*** Records to process Section Begins ***
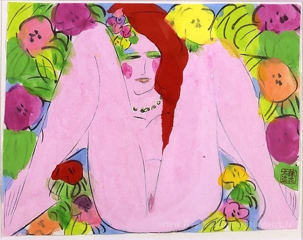 Nous vous proposons une reproduction artisanale sur toile du célèbre tableau 'Je vais tout montrer, alors viens bientôt' de Walasse Ting, provenant du Musée de la Reproduction.
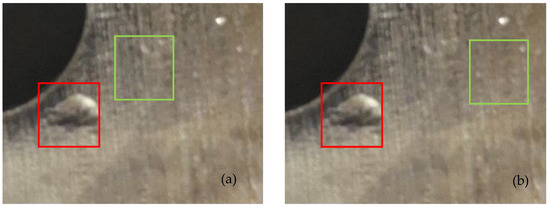 The IoU loss function also has certain shortcomings that cannot accurately reflect the coincidence degree of the two regions. Figure 10a indicates that the real defect and the prediction defect are close, and Figure 10b indicates that the real defect and the prediction defect are far away from one another. When the prediction box does not coincide with the ground-truth box, the resulting loss is 0, and the network cannot perform parameter learning.
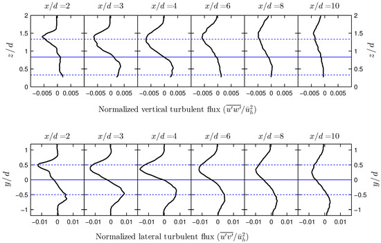 The wake recovery is usually associated with the turbulent momentum flux acting as a mechanism to transfer the energy from the outer flow into the wake. Figure 7 and Figure 8 show contours of the normalized vertical and lateral momentum fluxes (i.e., u w ¯ / u ¯ h 2 and u v ¯ / u ¯ h 2 ), respectively, at different downstream locations. To provide a more quantitative insight on the results, vertical profiles of the normalized vertical turbulent momentum flux as well as lateral profiles of the normalized lateral turbulent momentum flux at hub level are shown in Figure 9. As shown in Figure 7, Figure 8 and Figure 9, the maximum value of momentum turbulent fluxes occurs at around x / d = 3–4, and they both have a non-symmetrical structure which is in agreement with previous studies (e.g., [8]). It is generally believed that the breakdown of tip vortices, which act as a a separating layer between the turbine wake and the outer flow [39], usually occurs at x / d = 3–4. This results in a sudden increase of the flow entrainment at this region [8] . The tilting of turbulent flux distributions is also likely associated with the rotation of the wake [29]. Note also that the negative value of u w ¯ outside the turbine wake shown in Figure 7 is due to the fact that u w ¯ has a negative value in turbulent boundary layer flows over flat surfaces [40], as shown in Figure 2c for the incoming flow. Comparison of the profile of u w ¯ at x / d = 10 seen in Figure 9 with the one of the incoming flow (Figure 2c) shows that the effect of the turbine can be still clearly seen at x / d = 10 .
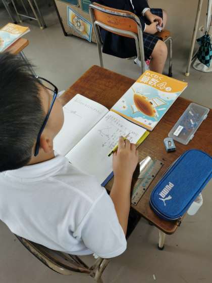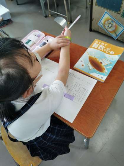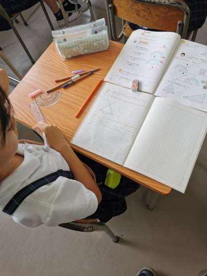 作図の学習です。辺の線をひき、角度をはかり、辺の線をひき、の繰り返しです。
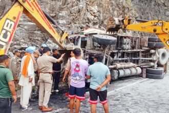 बदरीनाथ राष्ट्रीय राजमार्ग पर सिलेंडर से भरा ट्रक पलटा
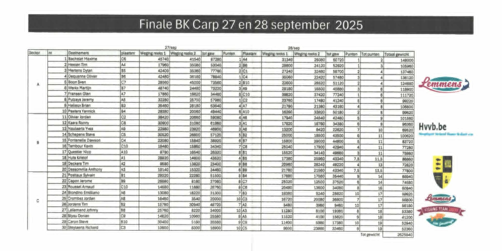 Félicitations aux 20 premiers, qualifiés pour le Championnat de Belgique les 27 & 28 septembre 2025 à l'étang De Neppe à Zichem.
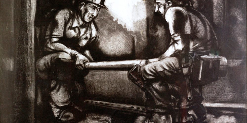 The 6 artists featured here all worked as miners and their work draws upon their first-hand mining experiences. Their artwork is varied, from linocuts to lithographs, oils to charcoal drawings but they all allow us to glimpse into their working world and mining communities.
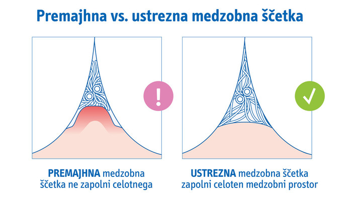 Vsi sodelujoči strokovnjaki za ustno zdravje v okviru akcije Zdrave dlesni pacientom izmerijo medzobne prostore, jih naučijo rokovati z medzobnimi ščetkami in jim razložijo, na kaj morajo pri izbiri in uporabi biti pozorni. Pomembno je, da se ne ustrašimo krvavenja, ki je prisotno predvsem na začetku uporabe medzobnih ščetk. Krvavitev iz dlesni je namreč znak vnetja, to pa je posledica slabe ustne higiene. Samo z dobro higieno lahko preprečimo vnetje dlesni, torej odpravimo krvavenje. Dobro si je še zapomniti, da ko so dlesni vnete, so tudi otekle in nabrekle. Ko jih z redno in popolno ustno higieno pozdravimo, uplahnejo, zato so prostori med zobmi večji. Po redni uporabi medzobne ščetke, ko smo vnetje dlesni odpravili, moramo zato seči po večji medzobni ščetki. Spodbudno je, da se pri pacientih, pri katerih so glavna težava občutljive in krvaveče dlesni, svetovanje in prikaz redne uporabe medzobnih ščetk ustrezne velikosti izkaže s pozitivnimi rezultati, to pomeni v izboljšanju ustnega zdravja,« pojasnjuje doktorica dentalne medicine Tea Šket Strajnšak.
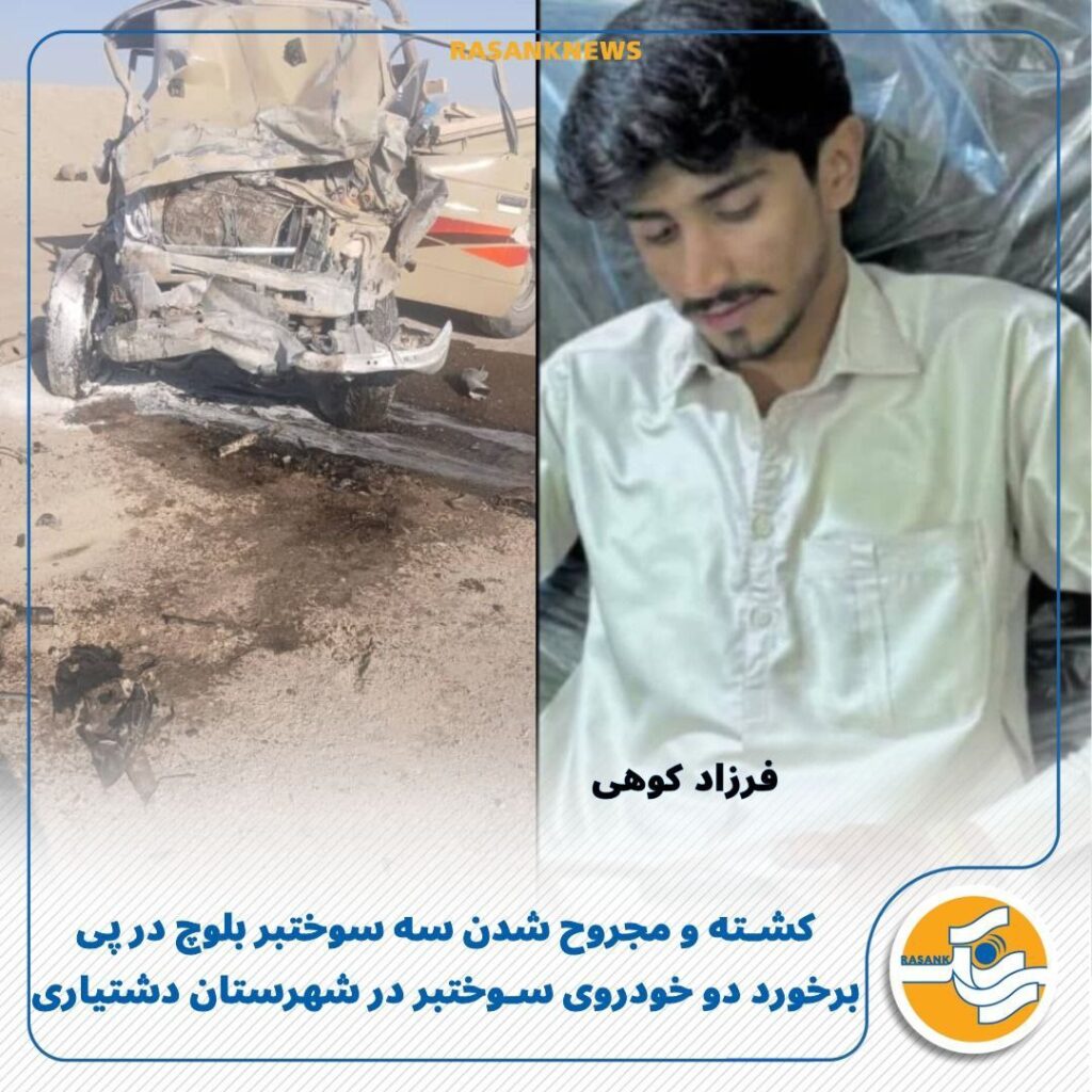 به گزارش رسانک، روز گذشته ۴ آذر ماه ۱۴۰۴، در پی برخورد شدید دو خودروی سوختبر در مسیر مرز ریمدان واقع در شهرستان دشتیاری، یک سوختبر بلوچ جان خود را از دست داد و دو سوختبر دیگر نیز مجروح شدند.
*** Records to process Section Ends ***
**Directions for this task**
Your answer should be a precise transcript of the entries, minus the pictures.

**Solved problem**
 Nous vous proposons une reproduction artisanale sur toile du célèbre tableau 'Je vais tout montrer, alors viens bientôt' de Walasse Ting, provenant du Musée de la Reproduction.
 The IoU loss function also has certain shortcomings that cannot accurately reflect the coincidence degree of the two regions. Figure 10a indicates that the real defect and the prediction defect are close, and Figure 10b indicates that the real defect and the prediction defect are far away from one another. When the prediction box does not coincide with the ground-truth box, the resulting loss is 0, and the network cannot perform parameter learning.
 The wake recovery is usually associated with the turbulent momentum flux acting as a mechanism to transfer the energy from the outer flow into the wake. Figure 7 and Figure 8 show contours of the normalized vertical and lateral momentum fluxes (i.e., u w ¯ / u ¯ h 2 and u v ¯ / u ¯ h 2 ), respectively, at different downstream locations. To provide a more quantitative insight on the results, vertical profiles of the normalized vertical turbulent momentum flux as well as lateral profiles of the normalized lateral turbulent momentum flux at hub level are shown in Figure 9. As shown in Figure 7, Figure 8 and Figure 9, the maximum value of momentum turbulent fluxes occurs at around x / d = 3–4, and they both have a non-symmetrical structure which is in agreement with previous studies (e.g., [8]). It is generally believed that the breakdown of tip vortices, which act as a a separating layer between the turbine wake and the outer flow [39], usually occurs at x / d = 3–4. This results in a sudden increase of the flow entrainment at this region [8] . The tilting of turbulent flux distributions is also likely associated with the rotation of the wake [29]. Note also that the negative value of u w ¯ outside the turbine wake shown in Figure 7 is due to the fact that u w ¯ has a negative value in turbulent boundary layer flows over flat surfaces [40], as shown in Figure 2c for the incoming flow. Comparison of the profile of u w ¯ at x / d = 10 seen in Figure 9 with the one of the incoming flow (Figure 2c) shows that the effect of the turbine can be still clearly seen at x / d = 10 .
 作図の学習です。辺の線をひき、角度をはかり、辺の線をひき、の繰り返しです。
 बदरीनाथ राष्ट्रीय राजमार्ग पर सिलेंडर से भरा ट्रक पलटा
 Félicitations aux 20 premiers, qualifiés pour le Championnat de Belgique les 27 & 28 septembre 2025 à l'étang De Neppe à Zichem.
 The 6 artists featured here all worked as miners and their work draws upon their first-hand mining experiences. Their artwork is varied, from linocuts to lithographs, oils to charcoal drawings but they all allow us to glimpse into their working world and mining communities.
 Vsi sodelujoči strokovnjaki za ustno zdravje v okviru akcije Zdrave dlesni pacientom izmerijo medzobne prostore, jih naučijo rokovati z medzobnimi ščetkami in jim razložijo, na kaj morajo pri izbiri in uporabi biti pozorni. Pomembno je, da se ne ustrašimo krvavenja, ki je prisotno predvsem na začetku uporabe medzobnih ščetk. Krvavitev iz dlesni je namreč znak vnetja, to pa je posledica slabe ustne higiene. Samo z dobro higieno lahko preprečimo vnetje dlesni, torej odpravimo krvavenje. Dobro si je še zapomniti, da ko so dlesni vnete, so tudi otekle in nabrekle. Ko jih z redno in popolno ustno higieno pozdravimo, uplahnejo, zato so prostori med zobmi večji. Po redni uporabi medzobne ščetke, ko smo vnetje dlesni odpravili, moramo zato seči po večji medzobni ščetki. Spodbudno je, da se pri pacientih, pri katerih so glavna težava občutljive in krvaveče dlesni, svetovanje in prikaz redne uporabe medzobnih ščetk ustrezne velikosti izkaže s pozitivnimi rezultati, to pomeni v izboljšanju ustnega zdravja,« pojasnjuje doktorica dentalne medicine Tea Šket Strajnšak.
 به گزارش رسانک، روز گذشته ۴ آذر ماه ۱۴۰۴، در پی برخورد شدید دو خودروی سوختبر در مسیر مرز ریمدان واقع در شهرستان دشتیاری، یک سوختبر بلوچ جان خود را از دست داد و دو سوختبر دیگر نیز مجروح شدند.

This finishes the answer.